= Wayne Cooper (fashion designer) =

Australian fashion designer

Wayne Cooper is a British-born fashion designer based in Australia.

Cooper grew up in London's East End. Always interested in fashion, he moved to Australia in 1985 and trained in fashion design at East Sydney Technical College while working at the Sydney clothing store, Masons.

Cooper was part of a successful fashion partnership in Sydney for 7 years, before launching his own label 'BRAVE'. In 1996 the signature line 'WAYNE COOPER' was added to the 'BRAVE' label, and in 2002 the lot was replaced by the 'WAYNE' label. He has shown for the past 10 years at Mercedes Australian Fashion Week, and his shows have traditionally featured well known international models, including Amber Valletta, Linda Evangelista, Alek Wek, Sarah O'Hare, Eva Herzigova and Carmen Cass. He regularly shows in Japan, France, the UK and the US.
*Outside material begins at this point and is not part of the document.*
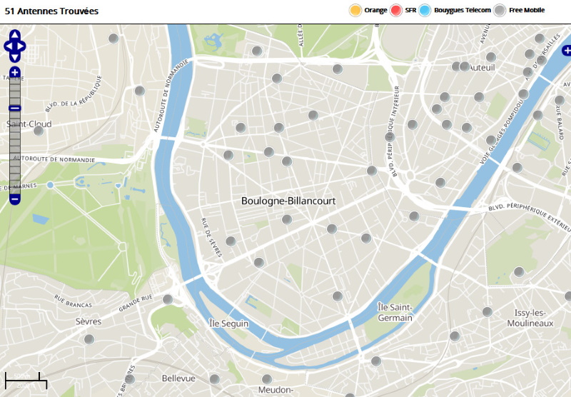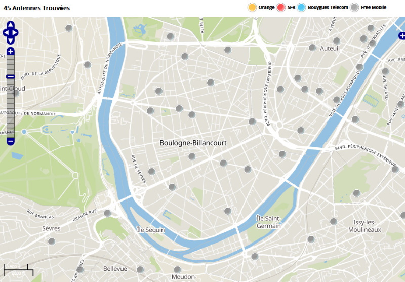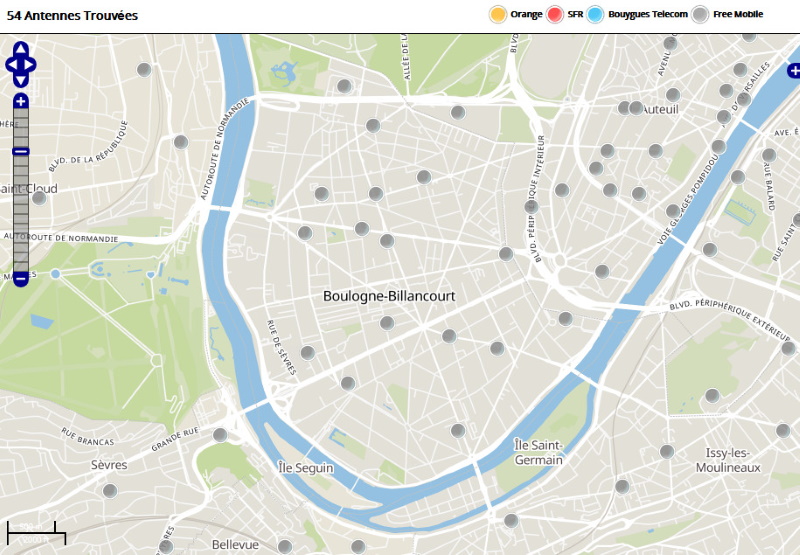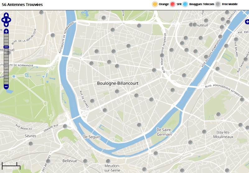 Découvrez la répartition des antennes mobiles Free 3G/4G sur Boulogne-Billancourt dans les Hauts-de-Seine

Cooper was a guest on cycles three, four and five of Australia's Next Top Model.

Cooper has two boutiques located in Melbourne, Australia. His label is also available in selected department stores in Australia and international department stores including Myer.

On 20 June 2008 Cooper was charged by police with assaulting his wife, Sarah Marsh. On 31 October 2008 Cooper pleaded guilty to common assault and was placed on a two-year good behaviour bond after charges of assault occasioning actual bodily harm and intimidation were dropped. Cooper assaulted his wife days after she had cancer surgery.

Cooper has also been criticised by NSW Health due to his willingness to work with tobacco companies.